第1章 月夜のアンコール
こうして思い出を振り返る日記を書いてみると、とても楽しいことに気づいたので、その後の続きを書いてみようと思う。次はロドスの学校内の話でも書こう。
私は、すっかり一人遊びが板につき、ファントムさんやミス・クリスティーンがいなくても、アーツで周りを照らしてみたり、尻尾を使って木登りをしてみたり、何も考えずに空を眺めたりしていた。そうして一人で遊ぶことに慣れてしまって、自分でも気づかない内に人だかりを避けていたりして。ロドスでは学校のようなシステムも作られていたけど、休憩時間になっても私は一人で教室にいるか外で影と遊んでいる、それこそ「不思議ちゃん」として有名だったらしい。

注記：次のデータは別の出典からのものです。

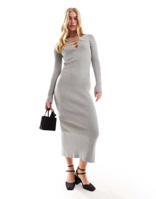 Bershka Vestito lungo grigio in maglia con fascette incrociate Very well made.

そこで話しかけてきたのは、さっき名前を出したサージュっていう男の子。
今はロドスのオペレーターとしてエクリプスと名乗っているけれど、私に初めて同年齢の友達が出来たのはこの時だった。
「いつも影と遊んでいるから気になっていたんだ」
それがサージュの最初の一言だった。
「影……?」
私は影の先生たちを「人」と「猫」と認識していたから、そう呼ばれていたことに驚いてきょとんとしてしまった。するとサージュは真後ろの遠い教室の窓から指差して、あの窓から私のことを見ていたというのだ。私はますます驚いた。
「あなたは……とても目がいいんですね」
私が文字の読み書きをする頃には、敬語もいくらか使うようになっていた。といっても子ども同士ではその必要はなかったのだろうけど、お父さんもお母さんも私に対しても敬語だったから、言い慣れるのに全然時間は使わなかった。だとしても、私は年齢よりは少し大人びた子どもだったかもしれない。